Симонов К. М. -- Разные дни войны. Том I

- 141 -

← Предыдущая страница | Следующая страница → | К оглавлению ⇑

Но одну страничку своих тогдашних первоначальных записей все же приведу в надежде, что сквозь них проглянут черточки характера этого милого моему сердцу военного человека. "На перевале, когда отступали к Приморью, четверо суток ни ели ничего абсолютно. Подойдет то один, то другой старый казак, спросит:

- Вы, наверное, кушать хотите, товарищ генерал?

- А что у тебя есть?

- А сухари.

- Брешешь.

- А вот.

Вытаскивает из переметных сум замусоленный кусок сухаря.

- Да ты сам же не ел.

- Да я ел только что.

- Чего же ты ел? Врешь же.

- Да, ей-богу, ел.

- Да чего же ел?

- Да опять же сухари. Да вот этот остался, не хочется больше.

И так пристанет до тех пор, пока не заставит сгрызть кусок сухаря.

Когда формировалась дивизия, собрал бородачей со своей родной и соседних станиц.
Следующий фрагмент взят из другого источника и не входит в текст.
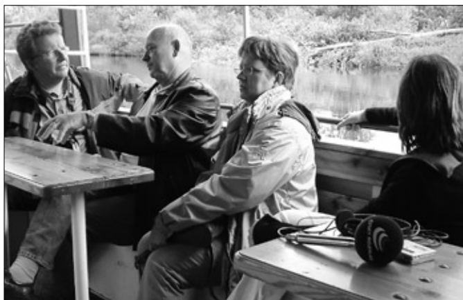
Zejména novináři se přesvědčili, že Lednicko-valtický areál lze objevovat také z paluby lodi či ze sedla koňského povozu.

maděpravděpodobněnespatříme nikde v Evropě. „Je smutné, že je ve srovnání s Lednicí opomíjena zámecká zahrada ve Valticích, protože i zde se nachází spousta vzácných dřevin. Také sochy se zajímavými antickými příběhy by si zasloužily více pozornosti a zejména péče,“ říká Dymo Piškula, pro kterého je nejmystičtějším místem Kaple svatého Huberta. „V podloubí kaple jsou vyryta jména téměř všech stavitelů působících ve službách Lich-
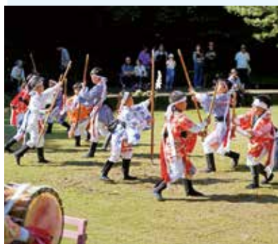
10/26（日） 荃永地区（宝満神社）

南種子町では、旧暦の9月、春に願立てした豊作が秋になって成就したことを感謝する秋季大祭（願成就祭）が行われます。今年も町内各地で開催され、人口減少の影響により踊り子の確保が難しい状況ではありますが、神事とともに各地域で伝承されている踊りが奉納され、見学に来られた多くの方々から大きな拍手が送られました。
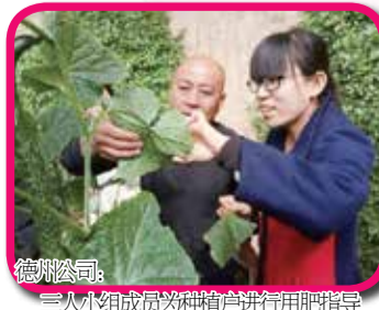
德州公司：三人小组成员为种植户进行用肥指导
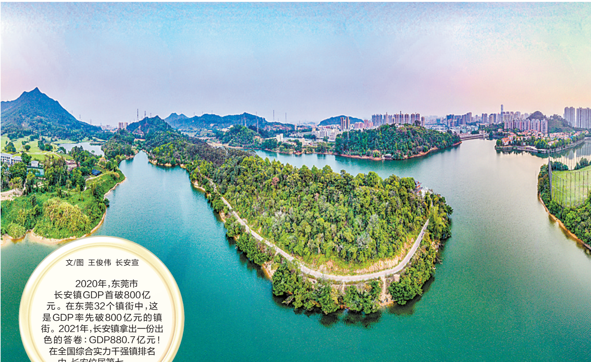
▲目前长安“绿道之城”建设已串联62.3公里绿道

河等7条河涌清淤23.66万立方米，长青渠、人民涌等4条黑臭水体整改达标，茅洲河沿岸9个主题景观公园基本完工，茅洲河共和村国考断面水质稳定达标Ⅴ类水，获得广东省生态环境厅通报表扬，对全省打好打赢水污染防治攻坚战作出积极贡献。 伴随着茅洲河流域水质提升，长安镇开始享受到生态助力地方高质量发展的红利：茅洲河生态经济长廊呼之欲出，“绿道之城”建设更是把治水与治产、治城进一步融合，为推动全镇经济社会高质量发展厚植基础。 据长安镇政府介绍，伴随着茅洲河流域环境改善，临河区域板块发展迅猛，一批高新科技产业和上市企业相继入驻，茅洲河岸开始成为长安经济发展的“新引擎”。 长安“绿道之城”建设是继“治水”之后又一重大工程，既满足人民群众对美好生活向往追求，也满足长安镇高质量发展的城市品质和环境要求。 2020年6月，长安正式启动“绿道之城”规划建设部署，围绕“拨草现珠，串珠成链，多链成环，环环相扣，扣扣相通，通山达海”的理念，打造集山海河湖林田于一身的长安“绿道之城”。
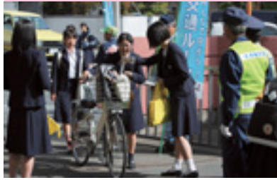
自転車マナーアップ運動
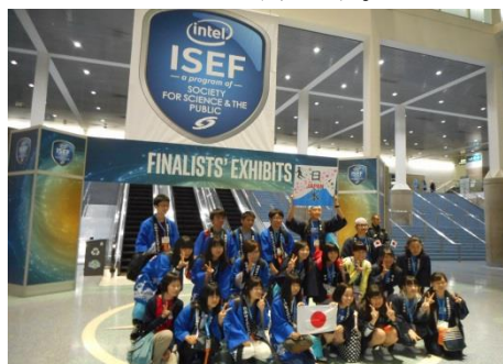
日本代表チームの皆さんです。
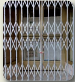
Uno de cada tres comercios ha cerrado
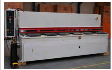
Baykal hydr. maskinsaks Type HGL 3106, årg. 2016 3060 x 6 mm, Cybtouch 6
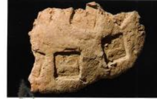
Fig. 8: Antilop motifli mühür baskısı
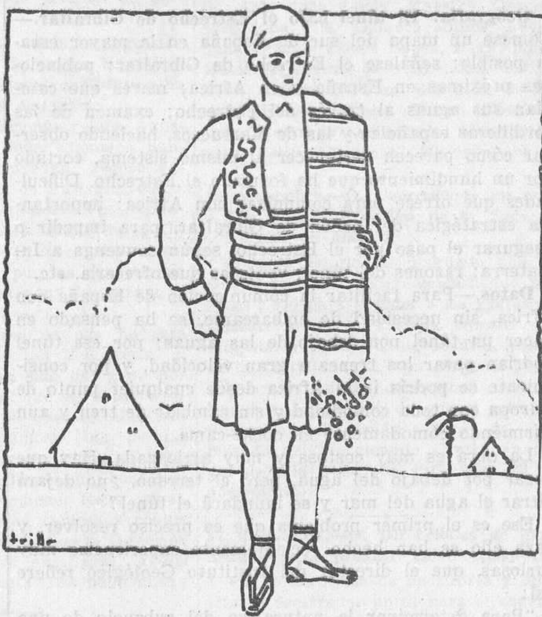
Vestidos regionales: traje típico masculino de la región levantina (Valencia, Alicante, etc.).

Condiciones higiénicas de los vestidos. —Los vestidos de pieles, lana, seda y algodón son malos conductores del calor, por lo que son vestidos de mucho abrigo y convienen en países fríos, húmedos y en invierno. Los
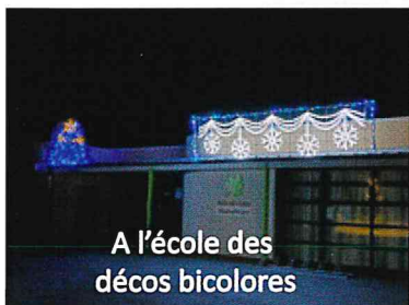
A l'école des décors bicolores
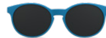
M Black P Blue Ref. 20100550013
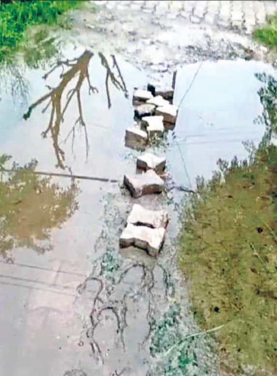
नारनौल। सड़क पर बहता गंद पानी।

По станицам пошел разговор:

- Начдив приехал, свой, Аксиньи Ивановны сын, Сережка...

И стали съезжаться..."

Генерал сидит, молчит, подперши голову руками, потом говорит неожиданным голосом, в котором чувствуется слеза: "А теперь вот боюсь и появиться в станицах. Спросят: "Ну куда ты их дел, а?" Мало кто после всех боев остался сейчас в строю...

...Недавно после вручения наград собрал изо всей дивизии стариков на ужин. Выпили, а потом побеседовали о боях и об ошибках, моих и ихних. И эти три часа были такие, словно целый курс академии Фрунзе кончил. Старики настолько все знают, что мы себе даже и не представляем...

Есть у нас в дивизии девушка Маруся, военфельдшер, по прозванию Малышка. Так уж все ее кличут - Малышка и Малышка - за то, что очень маленькая. Так вот, как раз она вывезла массу раненых. И теперь награждена орденом Красной Звезды. А был с ней такой случай. Отступали. Она везла в крытой машине шесть тяжело раненных - двоих в голову и четырех в живот. Дороги разбитые. Еще одного, раненного в грудь, она посадила в кабину, а сама ехала всю дорогу на крыле, больше ста километров от одного места назначения до другого и до третьего; оказалось, все госпитали были уже эвакуированы и раненых некуда было сдать. Раненые от тряски начали стонать, но казачья честь не позволяла им этого, тем более при женщине. И они сговорились, чтобы не стонать, завели на всю дорогу, или, как говорят казаки, заиграли песню, старую нашу казачью:

Скакал казак через долину,

Через маньчжурские края.

Скакал он, всадник одинокий,

Блестит колечко на руке...

Она лечить раненых не любит - лодырь. А ездить за ними - это она любит. На передовые за ними ехать - для нее любимое дело.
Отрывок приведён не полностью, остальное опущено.